I thought about that after I posted. I read an article a few years back about the polio survivors that are still using iron lungs in their homes. They no longer make them or the parts necessary to keep them going so there is a network of sorts where families of the survivors help each other out with parts and repairs. As the users of the iron lungs pass, their machine or it's parts are passed on to those still in need.
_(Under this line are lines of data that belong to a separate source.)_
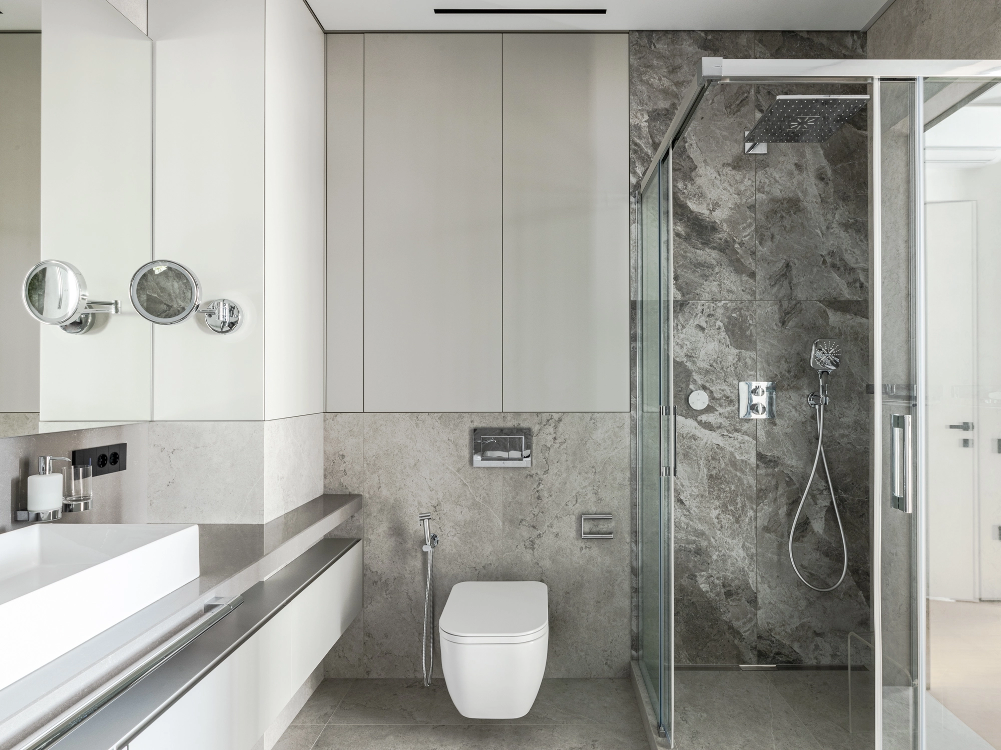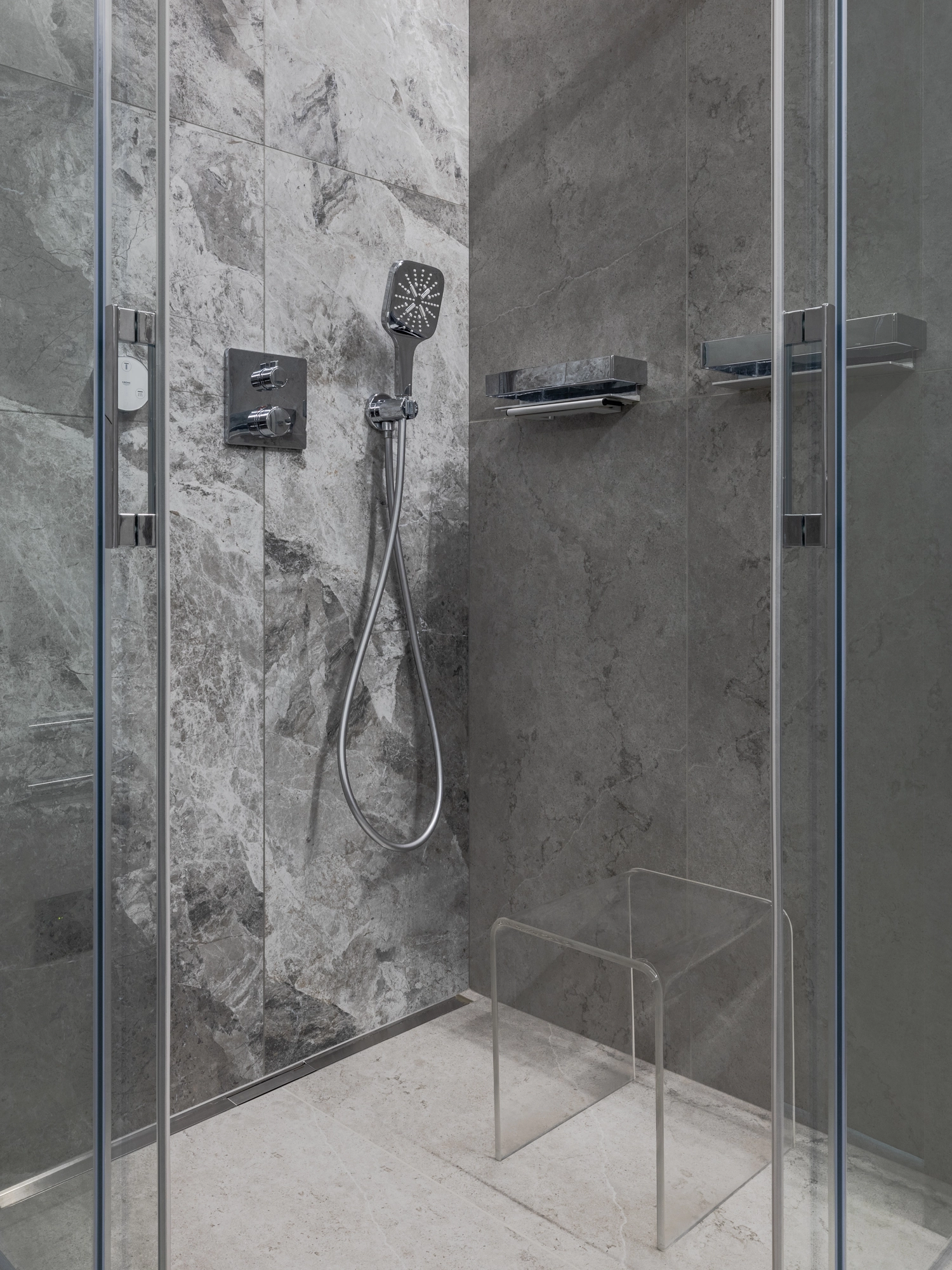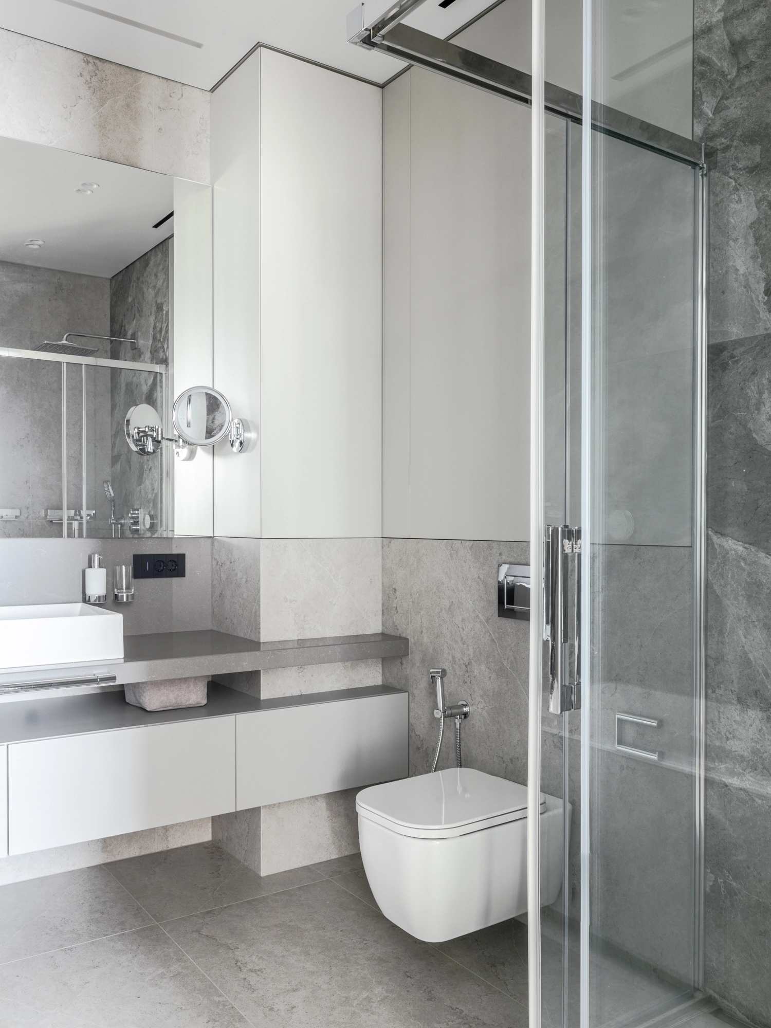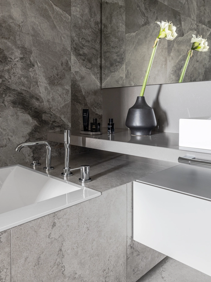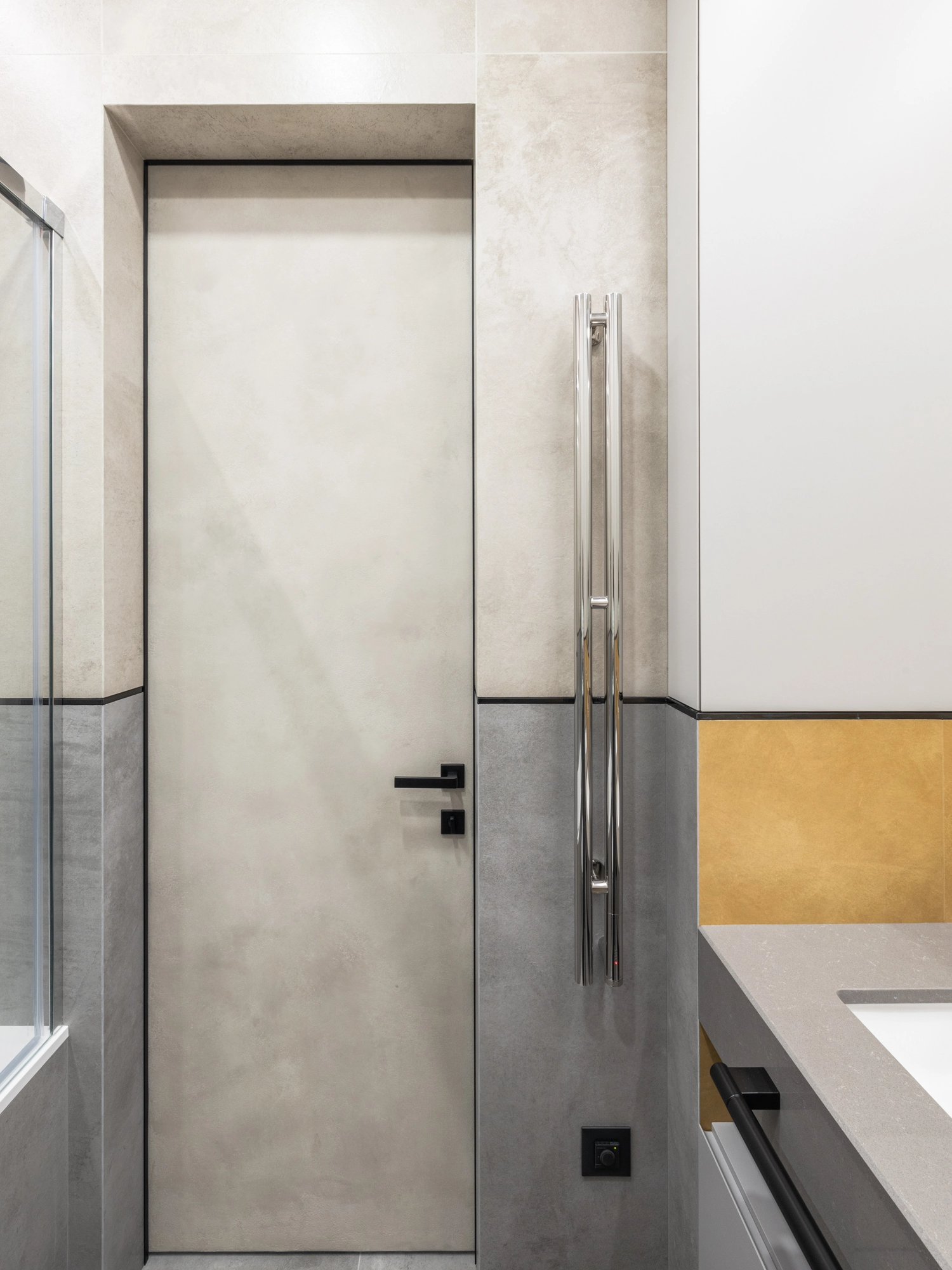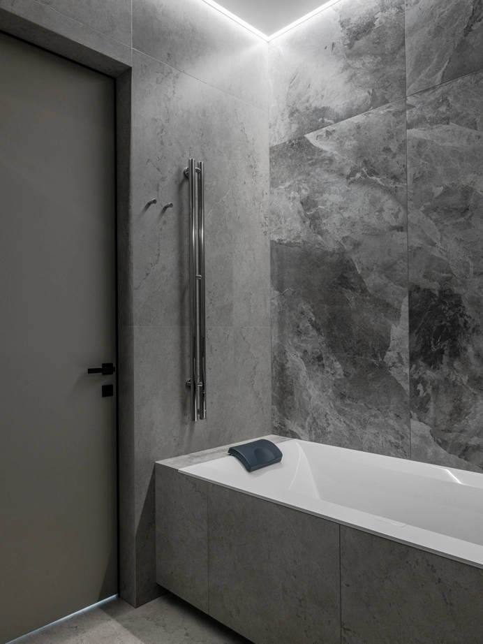 Проект уютной квартиры с лаконичным дизайном в серых тонах отличается современным дизайном и элегантностью. В ванной комнате использован керамогранит под мрамор Шарм Экстра Сильвер на стенах в душевой, который придает изысканный вид. Нейтральный серый оттенок Метрополис Абсолют Сильвер на полу и стенах гармонично дополняет интерьер, подчеркивая чистоту линий и создавая ощущение спокойствия. Во втором санузле в качестве яркого акцента использована цветная настенная плитка Терравива Сенапэ 40x80, который добавляет динамики в общий дизайн, сохраняя при этом стильную эстетику.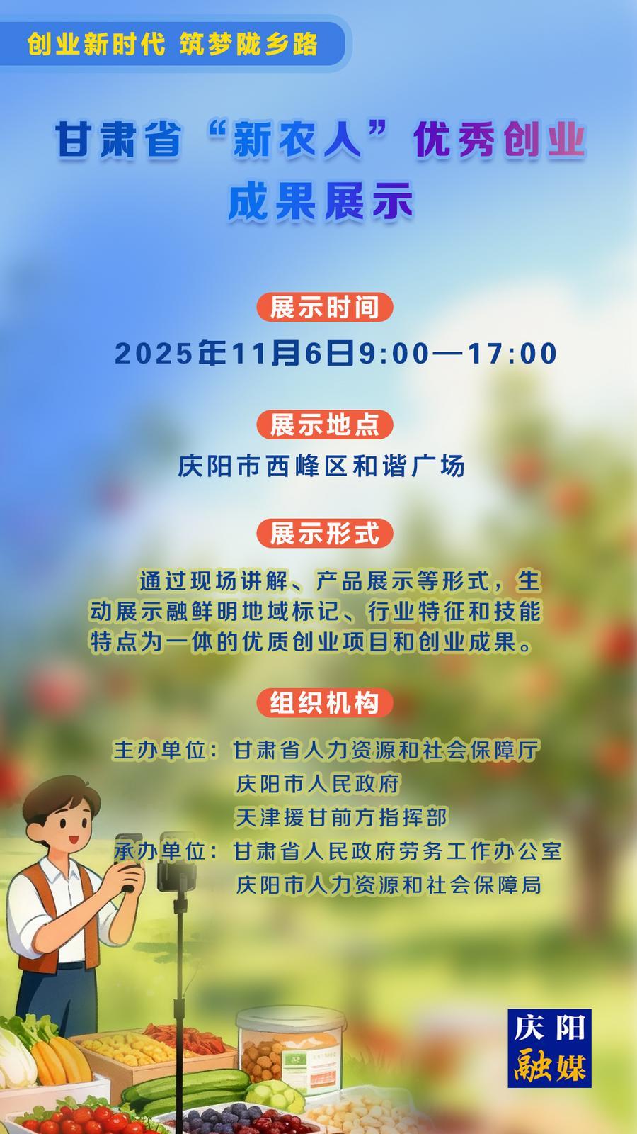 【微海報】甘肅省“新農(nóng)人”優(yōu)秀創(chuàng)業(yè)成果展示11月6日慶陽市西峰區(qū)和諧廣場展出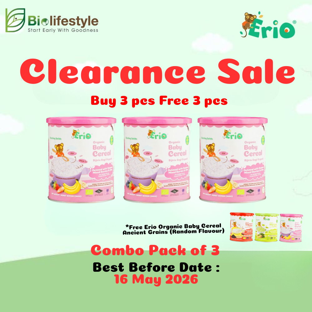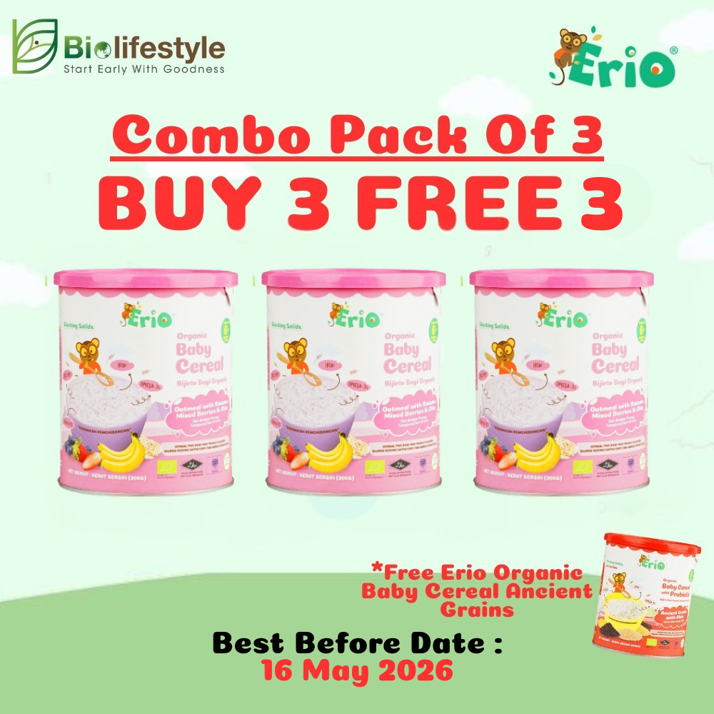 *Clearance Sale* (Combo Pack Of 3) Erio Organic Baby Cereal Oatmeal with Banana Mixed Berry & Chia (200g x 3) – Free 3 Pcs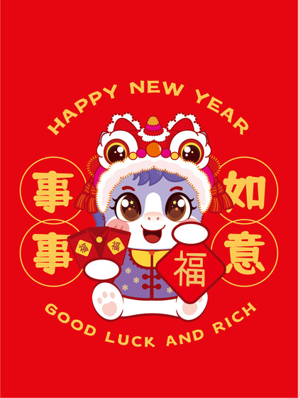 快乐小马IP卡通形象插画吉祥物设计窗花红包贴纸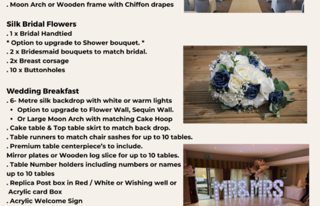 This Package combines all the things that our past customers tell us that they wanted included in a complete wedding package and some more. Everything but the dress package – £2,500.00 35% Discount if booked via the website. Ceremony • Spandex Chair covers & Organza, Satin, taffeta or lace sashes for up to 100 Chairs … Continue reading Everything but the dress package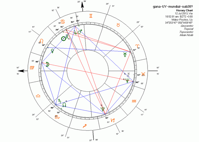 Veníamos astralmente con viento en la camiseta con una carta de lunación muy favorable con el Sol y la Luna, y los benéficos Venus y Júpiter culminando en la casa 10 y el Medio Cielo. Pero la lunación del pasado 8 de julio hizo girar el viento, ya no más las luminarias en el meridiano, sino las nubes y decepciones de Neptuno. Aunque únicamente bien aspectado. Pero astro tan falaz, que se imponía hacer una carta horaria para tener algo más de luz y disipar esa bruma. Muchas veces las cartaa horarias resultan ser tan claras, directas, contundentes, y simples que cuesta admitir de entrada sus respuestas. Es como si la mente precisar más complejidades para saber. Esta es uno de esos casos, donde la respuesta sale impactando de entrada. Por eso no la publiqué enseguida. Para no desanimar. Además también con la esperanza de que podía equivocarme y saliera Uruguay campeón mundial. Inclusive, y con esa ilusión neptuniana fue que traté de retorcer un poco la interpretación y ver si salíamos ganadores. Pero no cerraba este rebuscamiento (del sextil final de Luna con Sol, se verá más adelante). De la carta saltaba fuerte y directamente la verdad. Veamos cómo. El regente de la hora es el maléfico Saturno, y aunque brillantemente aspectado, no es de buen augurio para el asunto que nos importa: alargues, trabas, demoras, logros arduos si los hay, rol de personas mayores, tristeza o seriedad en el mejor de los casos. Es almuten 6 (los detalles, los servicios) y de 5, el juego mismo, que es esforzado, arduo, trabajo, lento. Está en la casa de las ganancias y dineros, y cierto, hay mucho dinero en juego acá. Así que sigamos adelante. El equipo uruguayo está ubicado en la casa 7, y hacemos desde ahí la derivación de casas para ver su relación con su Medio Cielo y su almuten, significador del triunfo. Así Uruguay tiene en esta carta un Ascendente en Piscis, igual que la Carta Natal del país, vaya coincidencia. Signo de los pies, que ha contribuído en nuestra historia a salir campeones mundiales en el deporte de pelota que se juega con los pies. Lindo arranque. En la misma casa 1 está Urano, dando sorpresas, giros inesperados, eventuales accidentes, separaciones, signando lo internacional del evento, y marcando el espíritu deportivo, competitivo y juvenil (está en Aries) del grupo. El planeta significador del equipo uruguayo (almuten del Ascendente) es Venus, benéfico, colocado en la casa 6 y en Leo: el juego da trabajo, el quehacer uruguayo es digno, dan lo mejor de sí, esforzado, por momentos brillante, están con ganas de ser los mejores y alzarse con los laureles, no hay duda de eso. Pero parece quedarse en eso, ya Venus, no tiene aspectos aplicativos por delante, por sí mismo no tiene fuerza para ser un ganador. El significador del triunfo es Júpiter, el almuten del Medio Cielo (desde la 7). Si bien está literalmente exaltado, con mucho entusiasmo, algo inflado, está en la casa 4 del fin de las cosas, del retorno al hogar, y el lugar del cielo más lejano del mismo éxito. Venus-Uruguay y Júpiter-triunfo no se conectan para nada., exepto por una débil recepción mutua por decanato: un peque?o logro pasajero. Nos toca ver la Luna, también significadora de Uruguay. Está también en la casa 6 del trabajo, aunque en Virgo, sin dignidad. Esta Luna-Uruguay en su marcha hacia delante hace un sextil doblemente aplicativo a Mercurio-Francia y en recepción mutua, lo cual nos dice del juego muy disfrutable que habrá, cada uno dando lo mejor de sí.. Luego la Luna-Uruguay conjunta la casa 7 del opositor-Francia indicando que Uruguay de alguna manera estará bajo el poder francés, dominando ellos. Y el final sextil de Luna-Uruguay con el Sol-trabajo y éxito menor, es que habrá satisfacción pero? que no es la cosa final y total (Sol es almuten de 6, dispositor de Venus-Uruguay). (Este sextil final al Sol es lo que podría despistar, ya que el Sol tiene analogía natural con el éxito. Pero aplicando las reglas de la horaria en este caso no va, no es suficiente, no tiene una relación directa con la casa 10 ni Júpiter, ni nada). El éxito mundial es el ya mentado almuten de 10, Júpiter. Y que pasa con Júpiter-triunfo y Luna-Uruguay? Pues nada va a pasar, sino que pasó. La Luna-Uruguay se separa del sextil con buena recepción de Júpiter por unos 4 grados, unos 4 días atrás. Que fue cuando Uruguay ganó el partido anterior. Así que,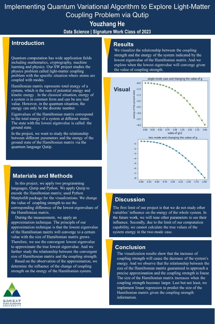 In the project, we combine the knowledge of math, physics and computer science together to study light-matter coupling problem. We first encode the Hamiltonian matrix via the quantum language, Qutip. Then, we study the change of system energy represented by the eigenvalue related to the ground state of the Hamiltonian matrix when tuning different parameters. We further determine the influence of different parameters on Hamiltonian system. Moreover, during the measurement of eigenvalues, we apply the approximation method, by adjusting the size of Hamiltonian matrix, to save the computation cost. We next make further innovative improvements by exploring the numerical relationship between the light-matter coupling constant and corresponding size of Hamiltonian matrix with more accurate approximation. Based on the exploration result, we finally apply linear regression to predict corresponding size of Hamiltonian matrix with better approximation given the value of light-matter coupling constant.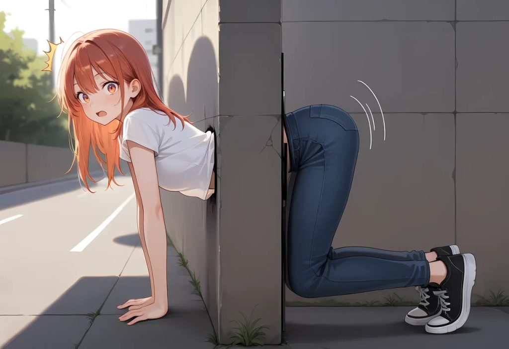 1girl, looking at viewer, surprised, casual, through wall, from side, stuck, full body, outdoor, best quality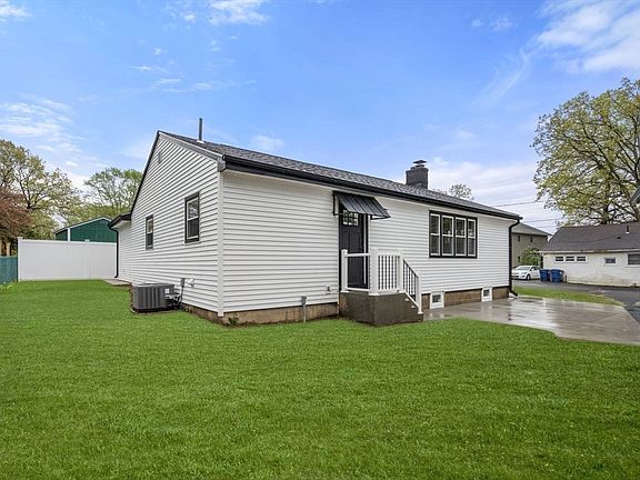 Nestled on a beautiful lot directly across the street from Hampton Pond, HUGE 2 car garage!!! This beautifully updated ranch offers the perfect blend of comfort and convenience on just under a 1/2 acre lot. This move-in ready home features one-level living with abundant natural light, an open floor plan with water views, and a striking fireplace in the living room. The entire house has been thoughtfully renovated, including a beautifully updated kitchen and bathroom. Off the kitchen, a 3-season porch provides additional space for relaxing or entertaining. The large basement includes a finished room, the perfect flex space. A spacious two-car garage with electricity adds storage and flexibility. Recent updates include a brand new roof, septic system, central air unit, all appliances, new windows, a new paved driveway with additional parking, new vinyl siding on both the house and garage, and privacy fencing.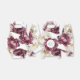 Una caja de favores de despedida de soltera ultra femenina que captura la esencia de la elegancia rústica con su abundante despliegue de peonías en profundo burgundy, ciruela, rosa polvoriento y suave blanco marfil en armonía. Los elementos botánicos femeninos se combinan como si estuvieran en un suntuoso ramo de jardín y hacen que entretener a sus invitados sea muy divertido. El texto manuscrito con letra moderna deletrea "Despedida de Soltera" con un estilo encantador. Personalice la plantilla de texto con el nombre de la futura novia.

Even though technology should provide something even better and more practical, it does not work as well for some survivors.
 

Mprepared

Veteran Member
I have to wonder if this article is talking about "polio" as we understand it or the "polio like" disease that was running rampant in schools in the north east at the same time Covid-19 was starting out that was attributed to the surge in illegals from South and Central America?
Polio in the wastewater too, but are people in the hospital? Recently vaccinated could shed that in the water like they do birth control pills, blood pressure pills, all the other medications in the wastewater and I do not care what anybody says about vaccines they do spread, maybe not all, but when my daughter was born the hospital gave me a lot of papers and one was a warning that if she was recently vaccinated and I am thinking it was the polio that I was to warn healthcare workers or babysitters that she was recently vaccinated because it was a DANGER to immune compromised people and the virus was SHED IN THE DIAPER and I think for 7 to 14 days or something like that, so are these immune compromised vaccinated with covid plus boosters and plus if they came from over the border, are they getting recently vaccinated and is this spreading through recently vaccinated immune compromised people? Like HIV in the covid vaccinated, just something strange to all this.
 

John Deere Girl

Veteran Member
Polio in the wastewater too, but are people in the hospital? Recently vaccinated could shed that in the water like they do birth control pills, blood pressure pills, all the other medications in the wastewater and I do not care what anybody says about vaccines they do spread, maybe not all, but when my daughter was born the hospital gave me a lot of papers and one was a warning that if she was recently vaccinated and I am thinking it was the polio that I was to warn healthcare workers or babysitters that she was recently vaccinated because it was a DANGER to immune compromised people and the virus was SHED IN THE DIAPER and I think for 7 to 14 days or something like that, so are these immune compromised vaccinated with covid plus boosters and plus if they came from over the border, are they getting recently vaccinated and is this spreading through recently vaccinated immune compromised people? Like HIV in the covid vaccinated, just something strange to all this.
I remember when my older kids got the polio vaccine, and the nurse told me to be very careful with the diapers and to wash my hands well and disinfect the surfaces be it could be spread that way.
 

Mprepared

Veteran Member
I remember when my older kids got the polio vaccine, and the nurse told me to be very careful with the diapers and to wash my hands well and disinfect the surfaces be it could be spread that way.
Yes, and so all these people coming from other countries might be getting vaccinated or a lot of kids time to get their vaccinations for school or just scheduled, this would be in the wastewater and now we have people who have compromised immune systems enough so that they are testing more people for HIV.